Tips for taking them safely
If you are taking a blood thinner prescribed by your doctor to prevent blood clots, it is important to take some precautions:
Avoid bumps and falls: The blood thinner keep clots from forming in your heart or blood vessels can help prevent a heart attack and stroke. But because these drugs make it hard for you to stop bleeding, a minor injury can turn serious. Avoid contact sports and other activities where you are likely to get hurt. Walk, swim, or do other, safer exercises instead.
Stick to a schedule: Take your medicine at the same time each day. Some blood thinners do not work right if you are not consistent. Use a pill organiser or the calendar to remind yourself. If you forget, take it as soon as you remember. Do not skip a pill. If you do not realise until the next day that you missed a dose, ask your doctor what to do. Do not double-up.
Know your medicines: Before you bring home any new prescription or over-the-counter medicine, check with your doctor or pharmacist to make sure it is safe to take with your blood thinner. Even vitamins and supplements can change the way some blood thinners work or add to their side effects. For example, if you take a pain reliever or cold medicine with aspirin in it, your bleeding risk could go up.
Cut carefully: Blood thinners can turn a tiny cut into a major bleed. Wear gloves when you work with knives, garden shears, or other sharp tools. Be extra careful when shaving. Use an electric razor, if possible, so you can not nick yourself. Don't trim your nails too close to the skin. When you do cut yourself, apply pressure until the bleeding stops. If it does not, get medical help.
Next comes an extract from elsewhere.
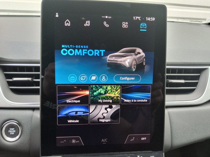 Aide au demarrage en coteAide au freinage d'urgence (A.F.U.)Aide au parking ARAirbag passager deconnectableAirbags frontauxAirbags lateraux AVAlerte detection de fatigueAlerte distance de securite - Information dans tableau de bordAlerte oubli des ceintures de securite aux 5 placesAlerte sortie de voieAllumage automatique des essuie-glacesAntenne requinAntiblocage des roues ABSAppel d'urgenceAppel d'Urgence RenaultAppuie-tetes ARBanquette AR coulissante et rabattable 1/3 - 2/3Boite de vitesse hybride multimode 6 rapportsCamera de reculCarte Renault "Mains libres"Climatisation automatiqueCondamnation centralisee des portes avec telecommande et condamnation des portes en roulantConsole centrale de rangement avec accoudoirControle de la traction (TCS)Controle dynamique de trajectoire ESCCoques de retroviseurs noir/teinte caisseDirection assisteeEclairage AV et AR Full LED Pure VisionFeux AR LED avec signature en forme de ''C'' et animation 3DFeux de stop a LEDFrein de parking electrique avec fonction Auto-HoldHarmonie noireIndicateur de changement de vitesseJantes Aluminium 18''Kit de gonflage et de reparation des pneumatiquesLeve-vitres electriques et impulsionnelsLiseuses AV a LEDLunette AR chauffanteOpenR link 10,4 access display audio avec tableau de bord avec ecran numerique et personlisable 7"Plancher de coffre mobilePoignees de portes ton caisseReconnaissance des panneaux de signalisationRegulateur de vitesse adaptatifRenault Multi-senseRepetiteurs lateraux de changement de directionRetroviseur interieur electrochromeSellerie TechnoSieges AV reglables en hauteurSysteme de detection de la pression des pneumatiquesSysteme de freinage d'urgence avanceVitres AR surteinteesVolant textile enduit graine

Watch your vitamin K: Too much can make a common blood thinner called warfarin less effective. You should talk to your doctor about how much of food containing vitamin K is safe for you to eat.
Get tested: While you are on certain blood thinners, you may need regular blood tests to measure how fast your blood clots. The results help your doctor decide whether to change your dose or switch you to another drug.
Alert your medical team: Tell every doctor you visit that you take blood thinners, especially before you have a medical procedure or when you get a new prescription. They need to know you are at extra risk for bleeding.
Be gentle with your teeth: Your gums are delicate, so clean your mouth with a lighter touch. Use a soft toothbrush, and do not scrub. Choose a waxed dental floss; slide it carefully between your teeth. Let your dentist know you take blood thinners. They will take extra care during check-ups and may also give you medicines to reduce bleeding during dental procedures.
Watch for side effects: Sometimes blood thinners might cause:
• Bleeding gums
• Bruises you can not explain
• Heavier-than-normal periods
• Red or dark brown urine or stools
Call your doctor if you notice any of the above cases.
Keep supplies handy: Have a stash of bandages and dressings at home. Always carry some with you, in case you get a cut. Special powder can stop a bleed quickly and keep it under control until you are able to get medical help. You can buy these products without a prescription at your local drugstore. And they are safe to use while you are on blood thinners.